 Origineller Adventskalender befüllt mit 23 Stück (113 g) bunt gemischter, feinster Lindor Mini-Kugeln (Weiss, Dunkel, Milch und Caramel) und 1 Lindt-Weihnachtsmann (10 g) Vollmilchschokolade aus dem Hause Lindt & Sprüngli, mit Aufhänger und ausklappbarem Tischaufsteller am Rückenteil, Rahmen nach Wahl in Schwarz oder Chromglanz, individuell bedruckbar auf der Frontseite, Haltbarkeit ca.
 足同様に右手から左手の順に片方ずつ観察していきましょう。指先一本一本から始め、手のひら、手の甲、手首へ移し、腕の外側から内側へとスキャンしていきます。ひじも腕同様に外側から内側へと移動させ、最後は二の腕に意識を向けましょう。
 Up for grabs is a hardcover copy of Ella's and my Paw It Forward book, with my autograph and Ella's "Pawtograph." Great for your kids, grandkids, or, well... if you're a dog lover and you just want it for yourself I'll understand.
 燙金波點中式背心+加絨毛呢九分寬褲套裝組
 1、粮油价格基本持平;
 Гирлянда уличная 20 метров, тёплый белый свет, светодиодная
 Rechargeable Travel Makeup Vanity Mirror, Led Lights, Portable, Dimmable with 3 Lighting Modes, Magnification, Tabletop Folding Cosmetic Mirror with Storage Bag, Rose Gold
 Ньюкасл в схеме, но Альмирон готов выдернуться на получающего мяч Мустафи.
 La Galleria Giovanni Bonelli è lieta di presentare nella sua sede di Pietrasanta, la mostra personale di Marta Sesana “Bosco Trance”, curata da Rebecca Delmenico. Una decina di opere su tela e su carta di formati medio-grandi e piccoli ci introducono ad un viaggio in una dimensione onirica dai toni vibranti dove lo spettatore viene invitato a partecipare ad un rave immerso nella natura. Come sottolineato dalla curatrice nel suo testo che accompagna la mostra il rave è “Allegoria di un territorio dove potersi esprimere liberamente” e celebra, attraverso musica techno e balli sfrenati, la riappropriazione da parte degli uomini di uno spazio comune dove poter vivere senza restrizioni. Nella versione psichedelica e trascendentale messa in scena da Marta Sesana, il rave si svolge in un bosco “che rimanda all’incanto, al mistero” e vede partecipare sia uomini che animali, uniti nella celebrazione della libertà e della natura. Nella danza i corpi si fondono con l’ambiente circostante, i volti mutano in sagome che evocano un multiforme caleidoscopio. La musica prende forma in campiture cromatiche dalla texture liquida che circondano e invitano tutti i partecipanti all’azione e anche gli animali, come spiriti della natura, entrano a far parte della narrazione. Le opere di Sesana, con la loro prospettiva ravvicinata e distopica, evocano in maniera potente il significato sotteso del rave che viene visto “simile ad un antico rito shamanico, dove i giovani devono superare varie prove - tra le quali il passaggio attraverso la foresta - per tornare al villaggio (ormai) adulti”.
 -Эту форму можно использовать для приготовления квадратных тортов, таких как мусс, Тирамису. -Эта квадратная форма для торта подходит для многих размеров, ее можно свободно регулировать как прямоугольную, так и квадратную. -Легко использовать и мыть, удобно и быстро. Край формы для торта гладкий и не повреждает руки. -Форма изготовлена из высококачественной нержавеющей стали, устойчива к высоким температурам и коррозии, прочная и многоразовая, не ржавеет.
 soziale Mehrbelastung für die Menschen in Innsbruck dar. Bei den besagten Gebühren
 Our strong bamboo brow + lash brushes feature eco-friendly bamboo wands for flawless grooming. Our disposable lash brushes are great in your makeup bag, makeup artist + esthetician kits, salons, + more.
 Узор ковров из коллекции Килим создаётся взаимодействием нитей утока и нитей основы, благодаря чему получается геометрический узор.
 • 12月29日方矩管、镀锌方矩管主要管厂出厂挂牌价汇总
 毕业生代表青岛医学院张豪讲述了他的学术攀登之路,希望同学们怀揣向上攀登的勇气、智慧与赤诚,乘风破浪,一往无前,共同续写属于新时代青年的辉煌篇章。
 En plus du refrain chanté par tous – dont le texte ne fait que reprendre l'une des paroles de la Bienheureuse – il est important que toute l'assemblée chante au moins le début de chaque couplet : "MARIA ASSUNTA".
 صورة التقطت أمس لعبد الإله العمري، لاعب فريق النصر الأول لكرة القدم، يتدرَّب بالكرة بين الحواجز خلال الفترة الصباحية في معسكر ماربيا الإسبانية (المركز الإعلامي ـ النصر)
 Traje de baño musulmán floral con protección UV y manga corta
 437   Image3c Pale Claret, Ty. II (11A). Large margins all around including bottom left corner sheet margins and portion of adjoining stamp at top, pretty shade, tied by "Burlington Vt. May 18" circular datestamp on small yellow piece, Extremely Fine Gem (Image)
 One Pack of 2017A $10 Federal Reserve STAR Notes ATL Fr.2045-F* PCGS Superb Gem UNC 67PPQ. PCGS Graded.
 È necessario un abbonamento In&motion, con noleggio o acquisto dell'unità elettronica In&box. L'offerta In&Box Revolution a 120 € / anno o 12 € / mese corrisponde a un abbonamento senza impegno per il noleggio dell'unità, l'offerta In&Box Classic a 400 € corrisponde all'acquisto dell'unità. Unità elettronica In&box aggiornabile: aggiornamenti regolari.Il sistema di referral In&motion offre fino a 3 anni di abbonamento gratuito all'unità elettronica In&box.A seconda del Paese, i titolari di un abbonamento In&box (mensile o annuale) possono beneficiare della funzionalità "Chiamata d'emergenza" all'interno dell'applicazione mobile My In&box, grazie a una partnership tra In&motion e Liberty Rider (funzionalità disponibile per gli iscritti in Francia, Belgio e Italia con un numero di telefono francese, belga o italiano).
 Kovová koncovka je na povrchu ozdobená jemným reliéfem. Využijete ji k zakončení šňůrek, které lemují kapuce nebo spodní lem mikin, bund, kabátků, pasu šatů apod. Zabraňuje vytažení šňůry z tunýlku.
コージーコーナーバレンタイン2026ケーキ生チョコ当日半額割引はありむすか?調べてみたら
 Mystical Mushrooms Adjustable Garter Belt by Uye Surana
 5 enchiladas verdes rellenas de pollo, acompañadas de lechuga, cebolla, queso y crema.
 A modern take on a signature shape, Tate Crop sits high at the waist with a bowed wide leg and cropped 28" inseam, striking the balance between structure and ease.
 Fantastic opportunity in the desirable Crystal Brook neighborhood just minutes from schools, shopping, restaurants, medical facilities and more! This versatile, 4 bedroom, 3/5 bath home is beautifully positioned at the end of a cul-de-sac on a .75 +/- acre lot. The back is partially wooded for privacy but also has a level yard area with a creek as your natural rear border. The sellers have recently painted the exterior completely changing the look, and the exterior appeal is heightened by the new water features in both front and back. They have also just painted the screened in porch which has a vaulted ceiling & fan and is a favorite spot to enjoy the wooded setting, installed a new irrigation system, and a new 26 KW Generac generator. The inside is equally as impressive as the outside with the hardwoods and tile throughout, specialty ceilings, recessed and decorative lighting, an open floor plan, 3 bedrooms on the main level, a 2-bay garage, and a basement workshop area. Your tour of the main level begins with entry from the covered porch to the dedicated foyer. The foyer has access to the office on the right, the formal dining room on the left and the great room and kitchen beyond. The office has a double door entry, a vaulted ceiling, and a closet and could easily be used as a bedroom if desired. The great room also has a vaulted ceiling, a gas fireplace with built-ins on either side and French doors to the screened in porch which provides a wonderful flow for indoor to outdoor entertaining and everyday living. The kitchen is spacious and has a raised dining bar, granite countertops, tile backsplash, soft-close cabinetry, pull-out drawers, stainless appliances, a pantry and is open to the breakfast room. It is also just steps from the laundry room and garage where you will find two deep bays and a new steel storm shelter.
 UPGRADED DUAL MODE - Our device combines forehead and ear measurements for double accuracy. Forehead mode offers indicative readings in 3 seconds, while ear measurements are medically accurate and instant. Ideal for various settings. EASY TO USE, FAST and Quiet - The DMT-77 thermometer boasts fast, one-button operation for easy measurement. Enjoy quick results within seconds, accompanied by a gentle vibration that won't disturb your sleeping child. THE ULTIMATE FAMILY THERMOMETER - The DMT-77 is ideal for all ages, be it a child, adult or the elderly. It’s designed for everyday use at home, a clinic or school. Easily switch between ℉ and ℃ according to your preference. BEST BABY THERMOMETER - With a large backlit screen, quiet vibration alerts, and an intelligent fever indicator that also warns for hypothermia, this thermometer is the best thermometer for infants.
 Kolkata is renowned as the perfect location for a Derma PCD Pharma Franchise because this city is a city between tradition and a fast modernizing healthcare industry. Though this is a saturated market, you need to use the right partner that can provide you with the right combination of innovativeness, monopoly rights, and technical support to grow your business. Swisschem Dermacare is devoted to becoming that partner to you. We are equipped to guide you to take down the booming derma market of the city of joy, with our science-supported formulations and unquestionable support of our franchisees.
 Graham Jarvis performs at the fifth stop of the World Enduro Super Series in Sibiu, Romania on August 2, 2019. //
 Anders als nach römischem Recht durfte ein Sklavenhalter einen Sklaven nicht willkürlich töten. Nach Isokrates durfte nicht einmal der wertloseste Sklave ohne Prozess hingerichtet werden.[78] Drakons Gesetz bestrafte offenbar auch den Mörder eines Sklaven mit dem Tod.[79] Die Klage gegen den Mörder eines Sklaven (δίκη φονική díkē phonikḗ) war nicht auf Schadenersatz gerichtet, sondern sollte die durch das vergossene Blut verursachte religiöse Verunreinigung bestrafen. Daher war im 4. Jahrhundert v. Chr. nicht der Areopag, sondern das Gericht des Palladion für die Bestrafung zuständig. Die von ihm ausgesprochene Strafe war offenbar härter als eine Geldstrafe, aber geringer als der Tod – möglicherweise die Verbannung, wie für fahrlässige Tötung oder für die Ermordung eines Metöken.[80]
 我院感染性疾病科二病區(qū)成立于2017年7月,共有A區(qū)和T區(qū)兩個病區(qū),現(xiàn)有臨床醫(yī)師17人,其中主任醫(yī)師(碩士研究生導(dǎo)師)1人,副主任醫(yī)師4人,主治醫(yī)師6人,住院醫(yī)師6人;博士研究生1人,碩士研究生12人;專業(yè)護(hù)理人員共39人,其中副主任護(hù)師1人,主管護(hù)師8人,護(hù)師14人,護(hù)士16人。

### Exercise goal
Of the entries above, repeat exactly the lines from the line with "コージーコーナーバレンタイン" through the line with "Fantastic opportunity in", both of them included.

### Completed task
コージーコーナーバレンタイン2026ケーキ生チョコ当日半額割引はありむすか?調べてみたら
 Mystical Mushrooms Adjustable Garter Belt by Uye Surana
 5 enchiladas verdes rellenas de pollo, acompañadas de lechuga, cebolla, queso y crema.
 A modern take on a signature shape, Tate Crop sits high at the waist with a bowed wide leg and cropped 28" inseam, striking the balance between structure and ease.
 Fantastic opportunity in the desirable Crystal Brook neighborhood just minutes from schools, shopping, restaurants, medical facilities and more! This versatile, 4 bedroom, 3/5 bath home is beautifully positioned at the end of a cul-de-sac on a .75 +/- acre lot. The back is partially wooded for privacy but also has a level yard area with a creek as your natural rear border. The sellers have recently painted the exterior completely changing the look, and the exterior appeal is heightened by the new water features in both front and back. They have also just painted the screened in porch which has a vaulted ceiling & fan and is a favorite spot to enjoy the wooded setting, installed a new irrigation system, and a new 26 KW Generac generator. The inside is equally as impressive as the outside with the hardwoods and tile throughout, specialty ceilings, recessed and decorative lighting, an open floor plan, 3 bedrooms on the main level, a 2-bay garage, and a basement workshop area. Your tour of the main level begins with entry from the covered porch to the dedicated foyer. The foyer has access to the office on the right, the formal dining room on the left and the great room and kitchen beyond. The office has a double door entry, a vaulted ceiling, and a closet and could easily be used as a bedroom if desired. The great room also has a vaulted ceiling, a gas fireplace with built-ins on either side and French doors to the screened in porch which provides a wonderful flow for indoor to outdoor entertaining and everyday living. The kitchen is spacious and has a raised dining bar, granite countertops, tile backsplash, soft-close cabinetry, pull-out drawers, stainless appliances, a pantry and is open to the breakfast room. It is also just steps from the laundry room and garage where you will find two deep bays and a new steel storm shelter.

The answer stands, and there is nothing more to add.